Intelligence agency of country B is credibly informed that there will be two cities carrying out a critical transporting task in country A.
As long as **any** one of the two cities can not reach a command center city, the mission fails and country B will hold an enormous advantage.
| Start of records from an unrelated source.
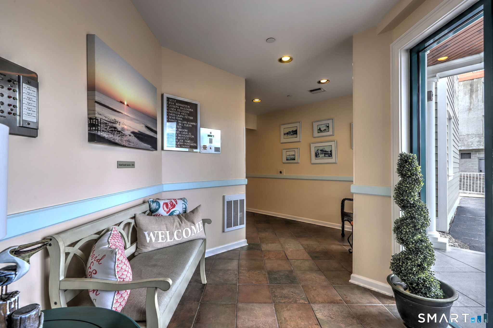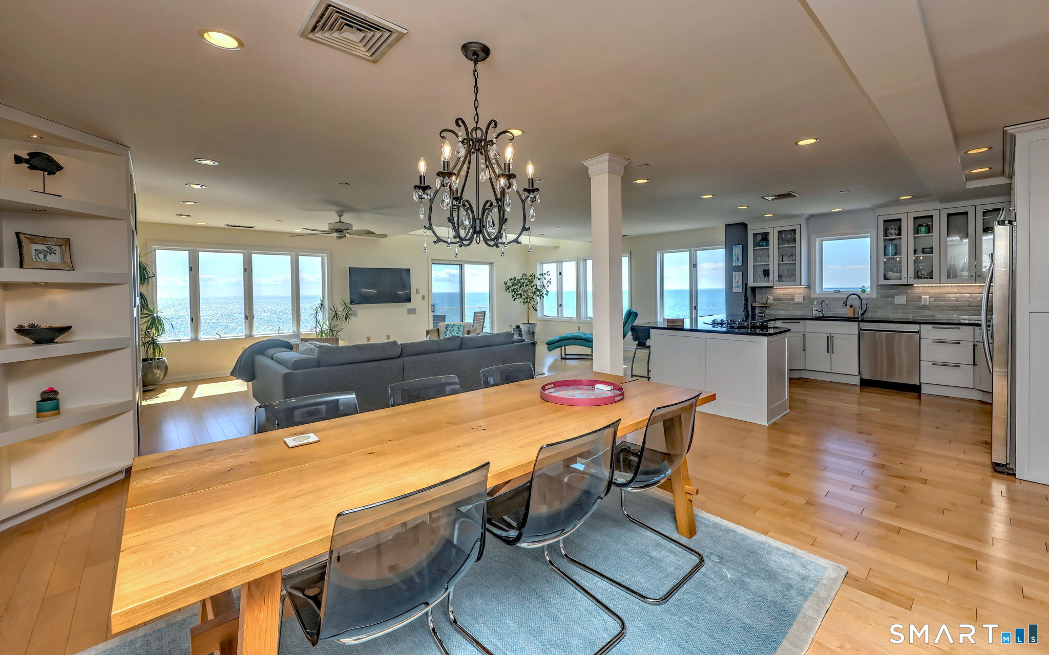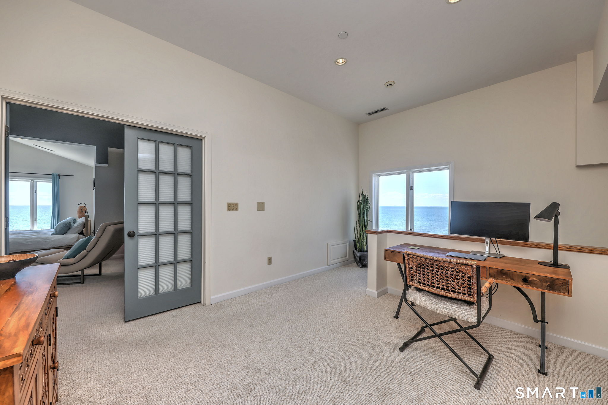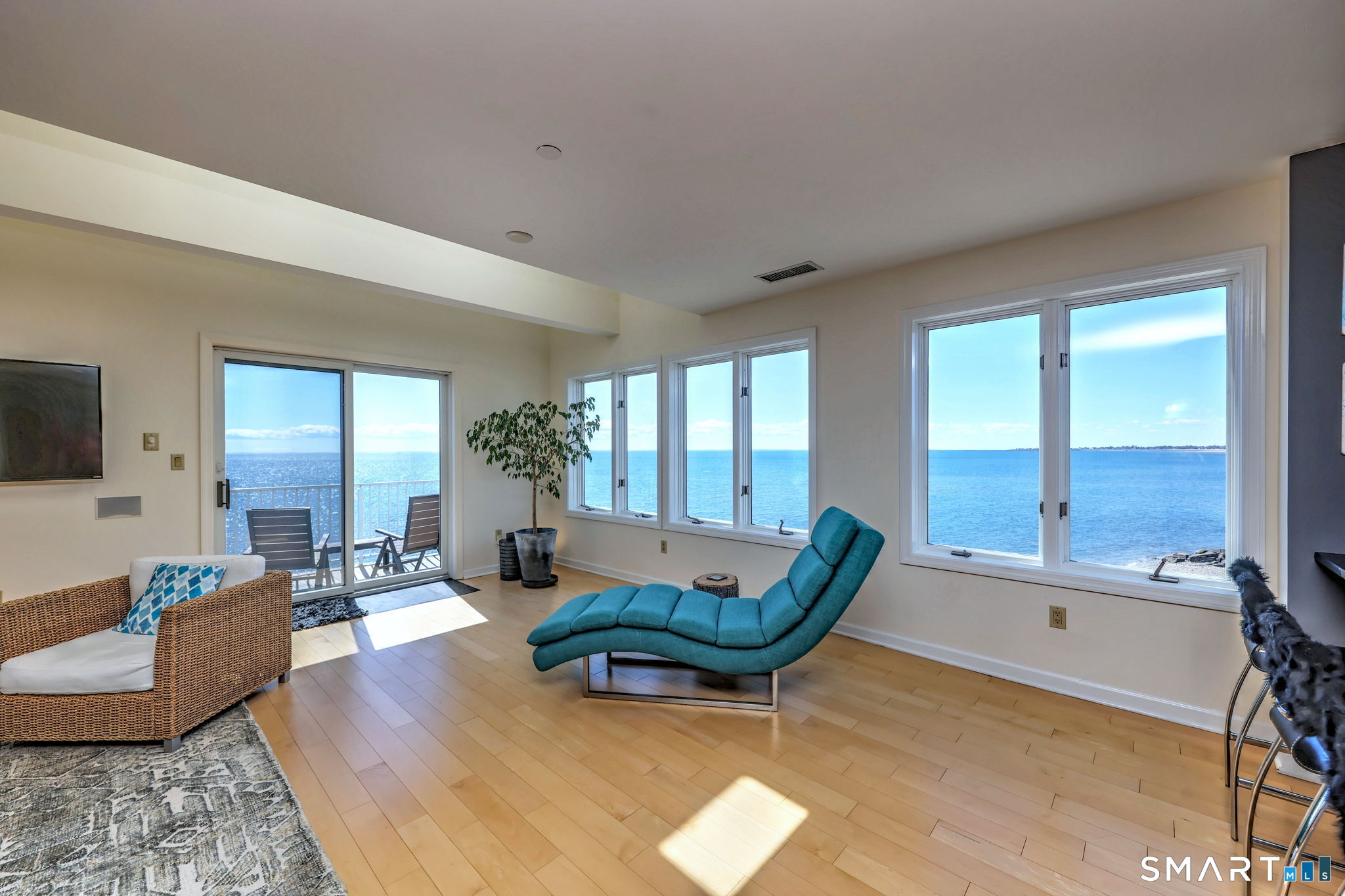 **DIRECT WATERFRONT CONDO - Private sandy beach and expansive waterside patio.** This perfectly positioned penthouse end unit offers sweeping, unobstructed views of Long Island Sound and Charles Island. The main level features a bright, open-concept living room with stunning water views, hardwood floors, custom built-ins, and direct access to the waterside balcony. The eat-in kitchen includes granite countertops, high-end appliances, abundant cabinetry, and a picturesque window over the sink framing the water. It flows seamlessly into the dining area, which also enjoys beautiful shoreline views. A full bath completes the main level. Upstairs, the luxurious primary suite captures breathtaking water views and includes a generous walk-in closet with floor-to-ceiling built-ins. The beautifully updated spa-like bath features a glass-enclosed shower, whirlpool tub, double vanity, tile flooring, and serene, unobstructed water views. A spacious home office is located just off the primary suite, also offering its own water view. With ample room for a futon or daybed, this flexible space can easily serve as a guest room. Island Sands Condominiums are ideally situated in the heart of the sought-after Walnut Beach neighborhood-a vibrant coastal community where you can stroll miles of sandy shoreline and enjoy nearby shops, cafes, and an ice cream parlor.
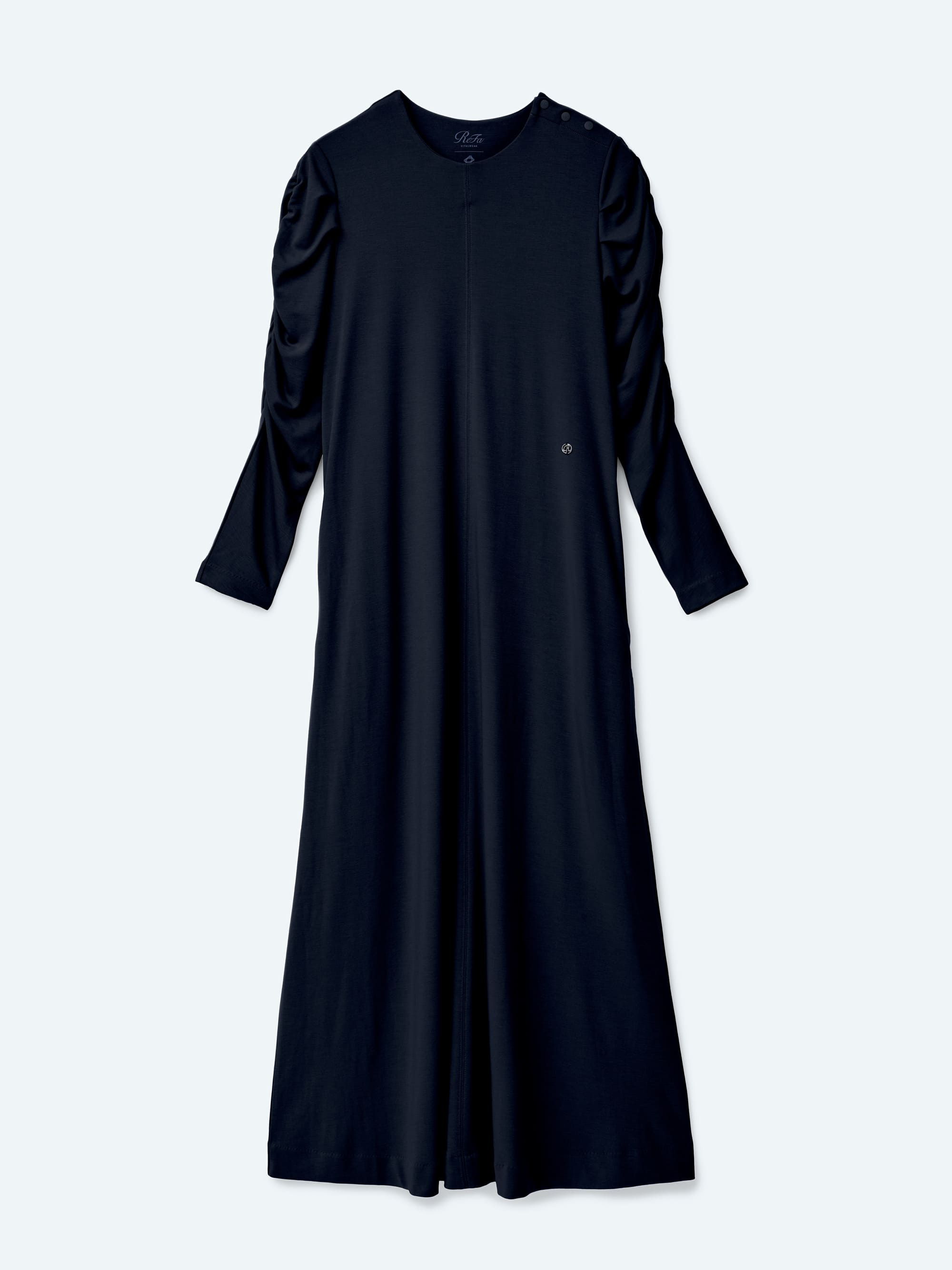 二の腕にギャザーを施し、布量を多くして血行促進。脂肪が多く冷えやすい二の腕にアプローチ。
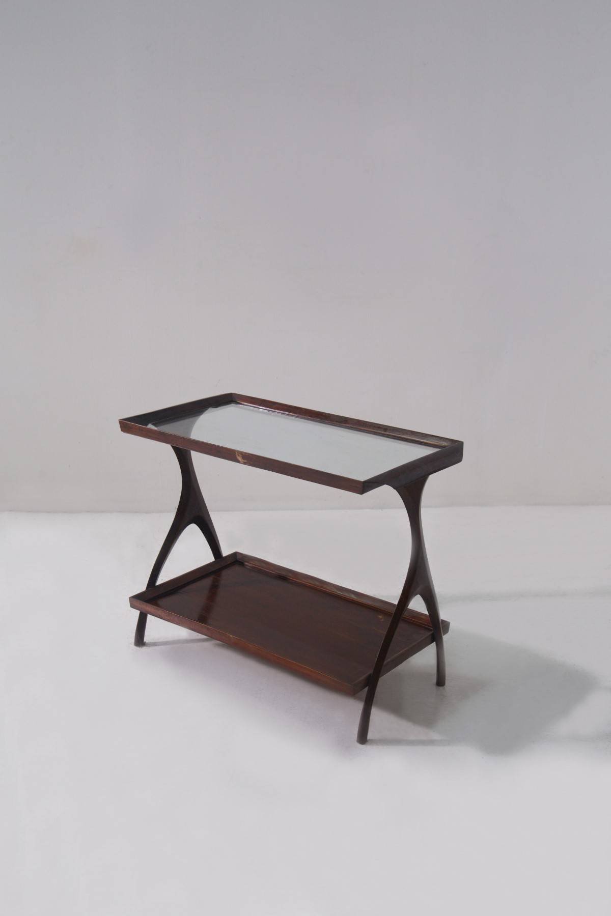 Tavolino bar anni 50 a due ripiano con piano d'appoggio in vetro.
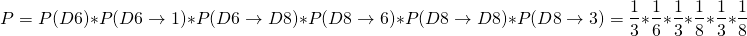 同上,我们可以计算第三个骰子是D6或D8时的最大概率。我们发现,第三个骰子取到D4的概率最大。而使这个概率最大时,第二个骰子为D6,第一个骰子为D4。所以最大概率骰子序列就是D4 D6 D4。
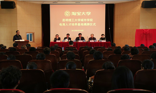 昆明理工大学校长助理、城市学院院长袁希平与云南硕方网络科技有限公司董事长张文艳共同为淘宝大学昆明理工大学城市学院电商人才培养基地揭牌。
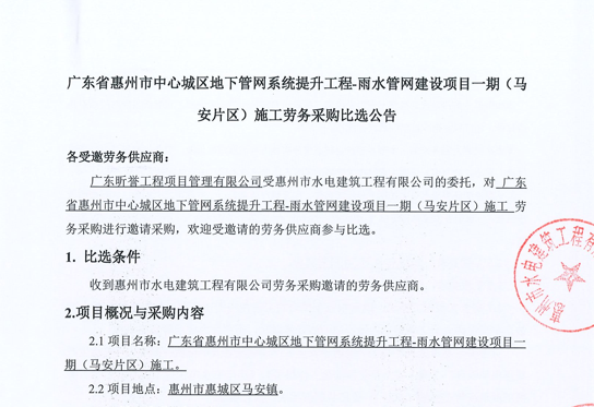 廣東省惠州市中心城區(qū)地下管網(wǎng)系統(tǒng)提升工程-雨水管網(wǎng)建設(shè)項目一期(馬安片區(qū))施工勞務采購比選公告......
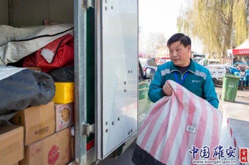 郭海玉正在將包裹搬上郵政車。中國雄安官網(wǎng)高盟 攝
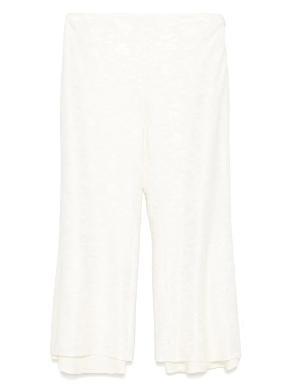 flower-jacquard trousers Highlights - White - Concealed side hook and zip fastening - Full lining - Cropped leg Made in Italy Composition Outer: Viscose 96%, Elastane 4% Lining: Viscose 100% SIZE & FIT Model measurements Height 5 ft 10 in(1.78 m) Bust/Chest 33.46 in(85 cm) Hips 36.22 in(92 cm) Waist 23.22 in(59 cm) FittingInformation Designed with a flared hem, these trousers allow for a close fit at the waist with a slim fit over the leg and widening towards the hem Made from a lightweight fabric Washing instructions Dry Clean Only
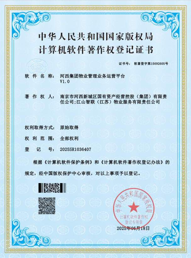 近日,河西集團(tuán)物業(yè)管理業(yè)務(wù)運(yùn)營(yíng)平臺(tái)成功獲得中華人民共和國(guó)國(guó)家版權(quán)局頒發(fā)的《計(jì)算機(jī)軟件著作權(quán)登記證書(shū)》。
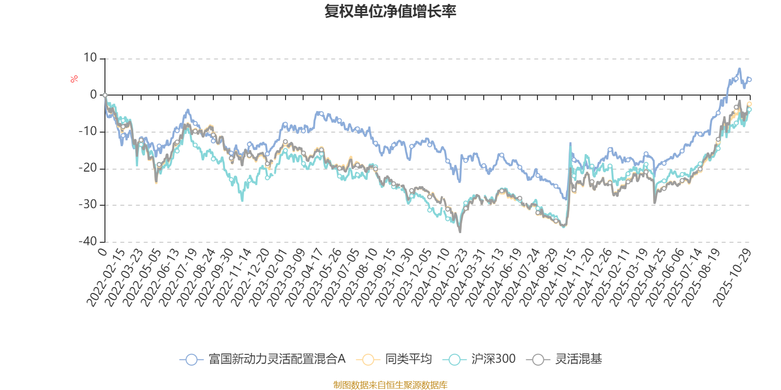 截至10月29日,富国新动力灵活配置混合A近三个月复权单位净值增长率为15.62%,位于同类可比基金511/1287;近半年复权单位净值增长率为26.72%,位于同类可比基金596/1287;近一年复权单位净值增长率为28.89%,位于同类可比基金522/1287;近三年复权单位净值增长率为25.53%,位于同类可比基金475/1286。
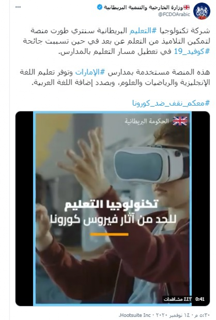 وكتب حساب "الخارجية البريطانية" بمنصة تويتر، تغريدة رصدها "المشهد العربي": " شركة تكنولوجيا التعليم البريطانية، سنتري، طورت منصة لتمكين التلاميذ من التعلم عن بعد في حين تسببت جائحة (كوفيد_19) في تعطيل مسار التعليم بالمدارس"..
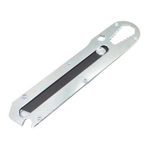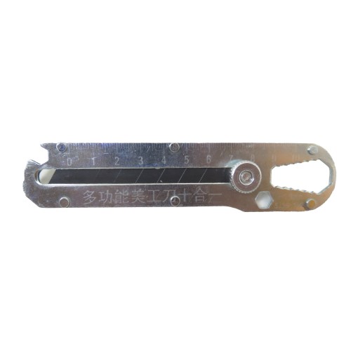 تیغه این کاتر از استیل ضد زنگ با طول 10 سانتی متر ساخته شده و برش دقیق و قدرتمندی ارائه می دهد. زاویه تیغه کمتر از 60 درجه است تا عملکرد برش بهینه و راحتی کاربر را فراهم کند. این ابزار دارای قابلیت های متنوعی است که شامل پیچ گوشتی، بازکننده پیچ و مهره، دربازکن قوطی، شکستن شیشه، خط کش، بازکننده بطری، کاتر اصلی، آچار چندکاره و تیغه قابل تعویض برای تمیزکاری با ایجاد زاویه 90 درجه برای کف و سرامیک می باشد.

Therefore, country B plans to destroy one of the n cities in country A and all the roads directly connected. (If a city carrying out the task is also a command center city, it is possible to destroy the city to make the mission fail)
Now country B has made q hypotheses about the two cities carrying out the critical task.
Calculate the number of plan that makes the mission of country A fail.
Input
The first line contains a integer T (1≤T≤10), denoting the number of test cases.
In each test case, the first line are two integers n,m, denoting the number of cities and roads(1≤n≤100,000,1≤m≤200,000).
Then m lines follow, each with two integers u and v, which means there is a directed road from city u to v (1≤u,v≤n,u≠v).The next line is a integer q, denoting the number of queries (1≤q≤100,000)
And then q lines follow, each with two integers a and b, which means the two cities carrying out the critical task are a and b (1≤a,b≤n,a≠b).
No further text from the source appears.